■ **REQUIRED WORK**:
The lines below starting at the line containing "Stainless steel case" and ending at the line containing "가로수는 거의가 잎이" are to be repeated exactly, with both ends kept and nothing else added.

■ **EXTRACTED INFORMATION**:
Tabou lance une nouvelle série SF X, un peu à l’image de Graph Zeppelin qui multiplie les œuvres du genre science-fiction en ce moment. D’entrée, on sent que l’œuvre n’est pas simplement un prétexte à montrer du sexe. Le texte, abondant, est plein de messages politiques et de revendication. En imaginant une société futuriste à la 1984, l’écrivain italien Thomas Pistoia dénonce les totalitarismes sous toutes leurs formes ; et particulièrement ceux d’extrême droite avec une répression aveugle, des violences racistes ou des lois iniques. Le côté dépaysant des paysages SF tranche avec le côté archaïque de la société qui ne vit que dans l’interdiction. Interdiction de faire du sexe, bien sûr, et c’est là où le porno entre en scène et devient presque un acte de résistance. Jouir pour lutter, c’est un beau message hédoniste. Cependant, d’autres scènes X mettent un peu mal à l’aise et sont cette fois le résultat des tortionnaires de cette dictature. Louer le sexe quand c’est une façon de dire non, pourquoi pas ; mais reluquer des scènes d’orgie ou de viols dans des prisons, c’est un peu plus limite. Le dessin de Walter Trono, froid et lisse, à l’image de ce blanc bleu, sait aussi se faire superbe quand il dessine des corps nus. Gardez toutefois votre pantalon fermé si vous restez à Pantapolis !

* * *

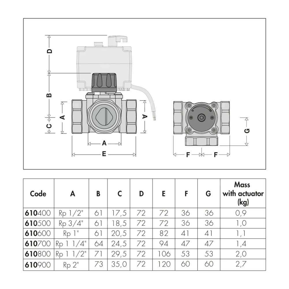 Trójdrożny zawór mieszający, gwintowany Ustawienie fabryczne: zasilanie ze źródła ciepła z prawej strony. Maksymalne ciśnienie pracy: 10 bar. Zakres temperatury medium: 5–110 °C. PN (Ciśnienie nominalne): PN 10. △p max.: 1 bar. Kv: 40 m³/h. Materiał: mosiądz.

* * *

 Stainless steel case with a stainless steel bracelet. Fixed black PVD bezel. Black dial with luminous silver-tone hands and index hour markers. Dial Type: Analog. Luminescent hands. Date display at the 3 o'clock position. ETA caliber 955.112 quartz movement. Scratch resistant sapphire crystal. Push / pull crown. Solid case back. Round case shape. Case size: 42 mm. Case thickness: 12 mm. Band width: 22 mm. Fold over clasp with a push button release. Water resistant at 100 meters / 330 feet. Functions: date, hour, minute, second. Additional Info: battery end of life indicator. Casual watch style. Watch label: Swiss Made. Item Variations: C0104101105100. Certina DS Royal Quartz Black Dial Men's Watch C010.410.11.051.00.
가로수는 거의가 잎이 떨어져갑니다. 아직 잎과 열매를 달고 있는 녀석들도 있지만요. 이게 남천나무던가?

■ **RESULT OF THIS EXERCISE**:
 Stainless steel case with a stainless steel bracelet. Fixed black PVD bezel. Black dial with luminous silver-tone hands and index hour markers. Dial Type: Analog. Luminescent hands. Date display at the 3 o'clock position. ETA caliber 955.112 quartz movement. Scratch resistant sapphire crystal. Push / pull crown. Solid case back. Round case shape. Case size: 42 mm. Case thickness: 12 mm. Band width: 22 mm. Fold over clasp with a push button release. Water resistant at 100 meters / 330 feet. Functions: date, hour, minute, second. Additional Info: battery end of life indicator. Casual watch style. Watch label: Swiss Made. Item Variations: C0104101105100. Certina DS Royal Quartz Black Dial Men's Watch C010.410.11.051.00.
가로수는 거의가 잎이 떨어져갑니다. 아직 잎과 열매를 달고 있는 녀석들도 있지만요. 이게 남천나무던가?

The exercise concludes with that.